Bupati Sitaro Temui Warga Tagulandang, Minta Warga Tetap Siaga Soal Bencana

Konten ini diproduksi oleh Manado Bacirita
Bupati Sitaro Temui Warga Tagulandang, Minta Warga Tetap Siaga Soal Bencana (93308)
Bupati Kabupaten Sitaro, Evangelian Sasingen saat meninjau wilayah pesisir pantai di Pulau Tagulandang.
SITARO - Bupati Kabupaten Sitaro, Evangelian Sasingen, usai meninjau sejumlah lokasi yang terdampak tanah longsor dan gelombang pasang di pulau Tagulandang, memilih untuk menemui warga yang tinggal di daerah rawan bencana tersebut.
ADVERTISEMENT
Dalam kesempatan pertemuan dengan warga, Bupati mengingatkan pentingnya mitigasi terkait bencana alam, atau kesiapsiagaan bencana yang bisa saja datang secara tiba-tiba. Apalagi menurut Sasingen, saat ini cuaca ekstrim masih berpotensi terjadi.
"Saya berharap, warga peka menilik atau melihat kondisi cuaca. Pesan ini untuk semua warga, tetapi lebih khusus untuk warga yang tinggal di wilayah yang rentan terjadi bencana," kata Sasingen.
Dalam kesempatan itu, bupati pertama di bumi karamando ini, menyampaikan upaya yang dilakukan pemerintah daerah, terkait dengan jalan berlubang di Kampung Tulusan yang dalam waktu dekat ini akan segera diperbaiki. Selain itu, pembersihan sisa-sisa material akibat longsor, juga menjadi hal yang disampaikannya.
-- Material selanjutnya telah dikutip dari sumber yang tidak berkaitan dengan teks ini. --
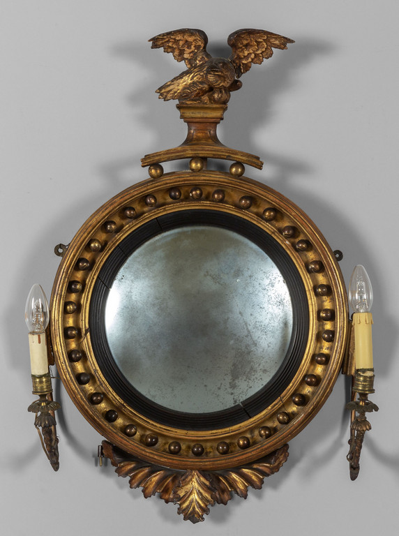 Specchiera in legno intagliato e dorato sormontata da aquila con due bracci portaluce Inghilterra sec.XIX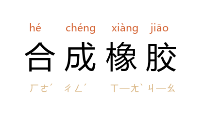 ⒈ 具弹性的高分子化合物。呈橡皮状,由石油、天然气、煤等原料制成。种类很多,可用来代替天然橡胶。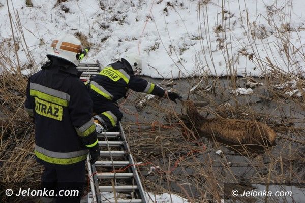 Chmara jeleni wpadła do stawu w Podgórzynie, zwierzęta ratowali strażacy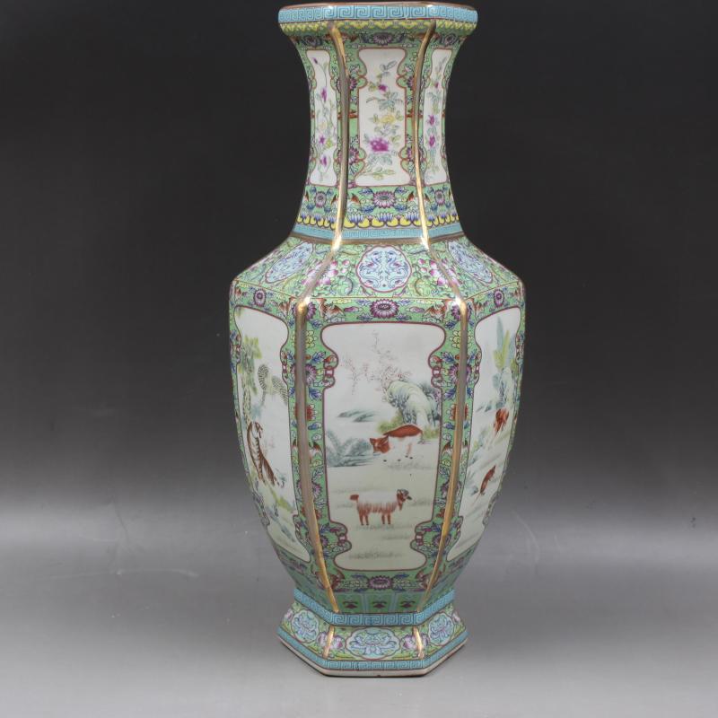 [3]大清乾隆年制描金琺瑯彩十二生肖六方瓶家居觀賞仿古瓷器古玩擺件1入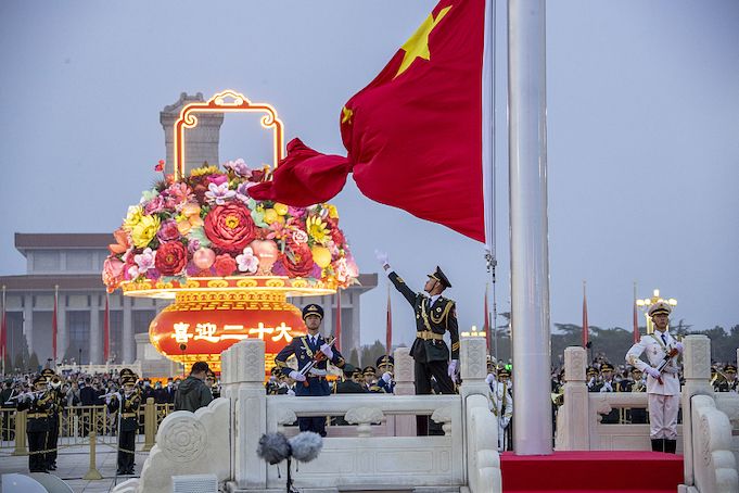 10月1日,升国旗仪式在北京天安门广场举行,庆祝中华人民共和国成立73周年。图片来源 视觉中国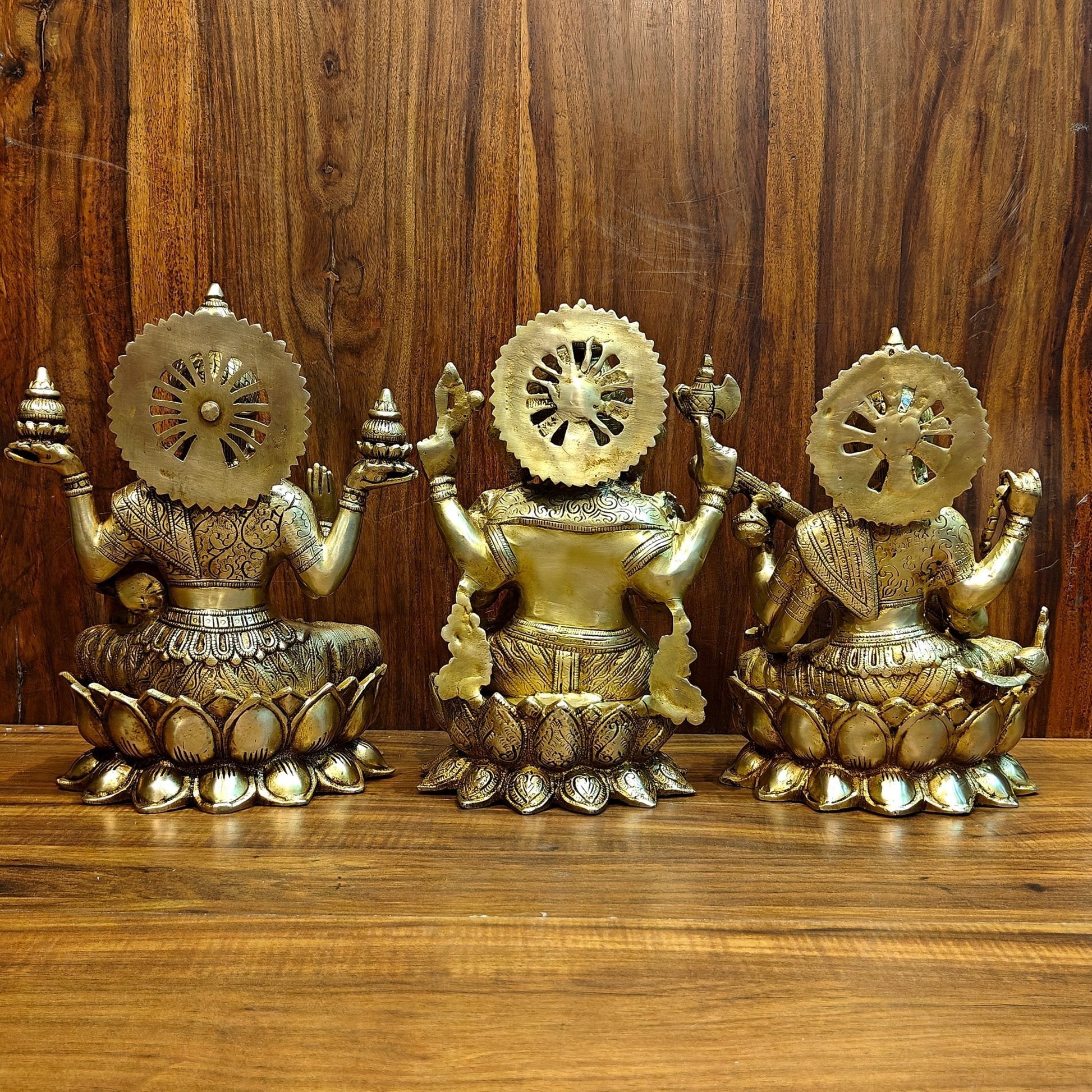 Handcrafted in pure brass with fine detailing. Bring home the Holy Lord Ganesha , Goddess Lakshmi and Saraswati Intricately crafted statues.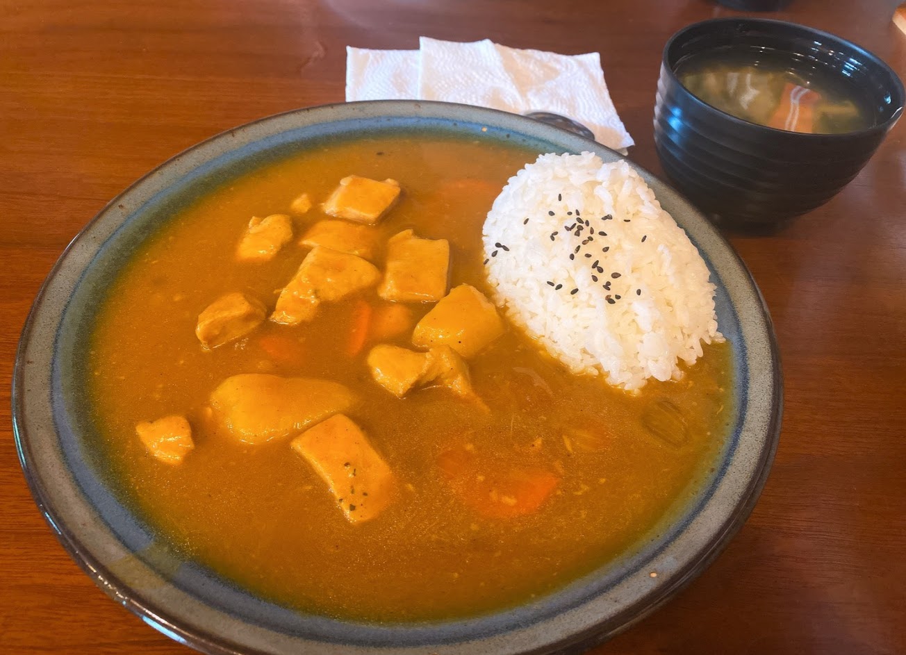 雖然只有簡單的咖哩飯,但是味道適中,讓人感到暖暖的。調味不會過重,咖哩屬於比較偏日式的甜味咖哩,搭配胡蘿蔔跟馬鈴薯,煮得恰到好處。可以加價搭配溏心蛋以及花椰菜還有飲料,份量足夠且不貴。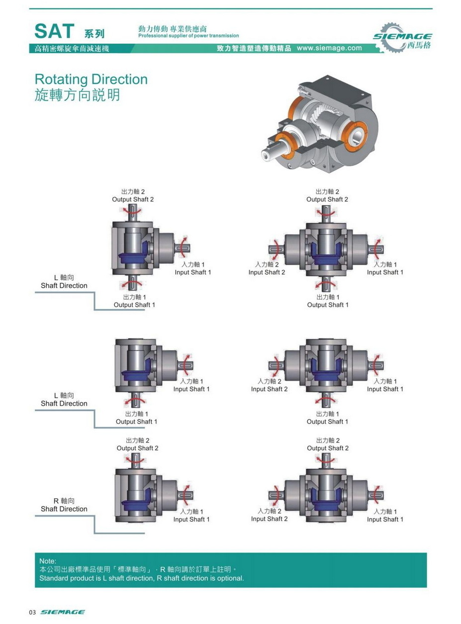 西馬格螺旋傘齒輪減速形式有SAT-FO,SAT-FN,SAT-FM,SAT-FV,SAT-FP,SAT-RO,SAT-DO,SAT-YO,SAT-RN,SAT-RM,SAT-RS,SAT-RV,SAT-RP,SAT-DN,SAT-DM,SAT-DV,SAT-YS,SAT=YV等24種之種,滿足各裝安裝需求。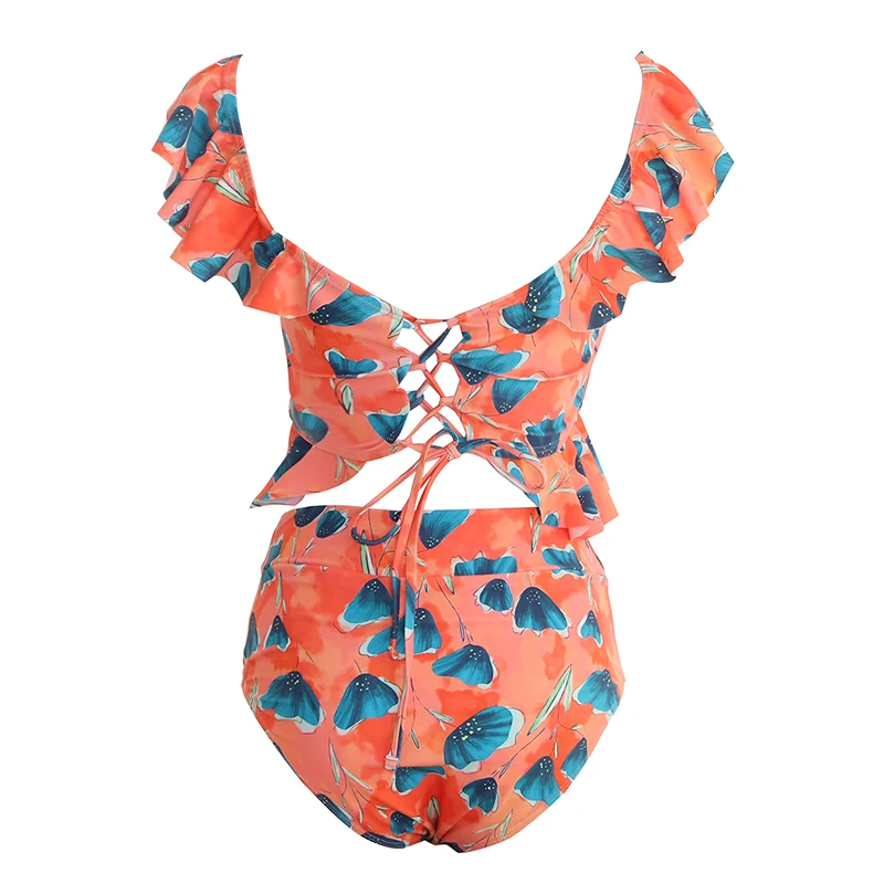 Сексуальный комплект бикини 2022, купальник с принтом в виде листьев пальмы, женский купальник с оборками, Бразильский купальный костюм с лямкой на шее, Maillot De Bain Femme

"Instansi terkait dan pemerintah di wilayah sudah diinstruksikan segera melakukan penanganan," kata Sasingen.
ADVERTISEMENT
Khusus untuk wilayah yang terkena gelombang pasang, Sasingen mengatakan jika solusi penanganan, menurutnya, pemerintah daerah akan melanjutkan proses pembangunan jalan raya atau boulevard di Pulau Tagulandang, yang nantinya akan berfungsi sebagai peredam ancaman gelombang sampai ke pemukiman warga.
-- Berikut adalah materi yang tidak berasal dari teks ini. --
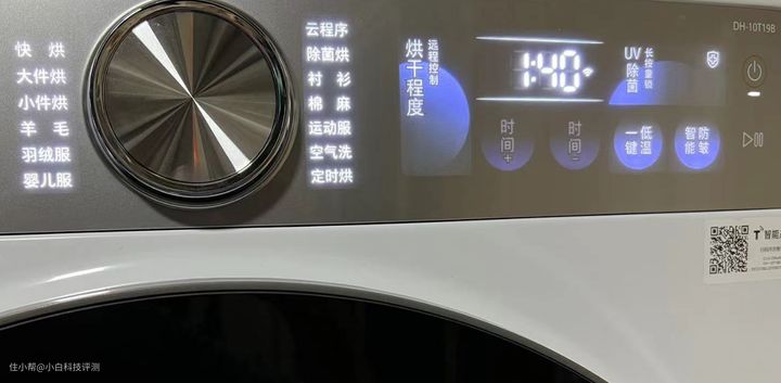 东芝玉兔2.0洗烘套装从操控面板来看也变得简单化,旋转的按钮搭配上触控屏洗烘功能非常齐全,可以根据我们自己的使用需求进行调整,12洗涤程序+12烘干程序非常清晰。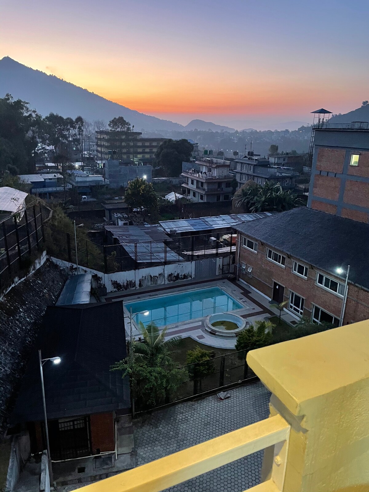 Apartemen yang indah/direnovasi di perumahan yang dalam, Pokhara, Nepal. Kompleks apartemen kami memiliki kolam renang dan Anda bisa melihat Pemandangan Pegunungan dari setiap kamar Apartemen ini berjarak 20 menit berkendara dari tepi danau dan berada di lingkungan yang damai. Di dalam komunitas ini juga terdapat minimarket, yang sangat cocok untuk tamu kami membeli barang - barang yang diperlukan.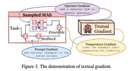 - サンプリングされたMASがクエリを実行し、その結果(フィードバック)が悪かった場合に、勾配エージェントが「どうすればこのオペレータはもっと良くなるか」を分析し、以下の3種類の「勾配」をテキストで出力

"Tahun ini proses pembangunannya. Karena pembangunan infrastruktur ini salah satu upaya penanggulangan atas potensi ancaman gelombang pasang," katanya.
Sementara itu, Camat Tagulandang, Norbert A Sakendatu menuturkan terkait penanganan bencana tanah longsor di Kampung Mahangiang, pihaknya sudah mulai melakukannya. Menurut dia, pihaknya dibantu aparat pemerintah kampung dan instansi terkait telah membersihkan sisa-sisa material longsor.
"Saat ini jalur di wilayah itu sudah bisa digunakan warga secara normal," ujar Sakendatu.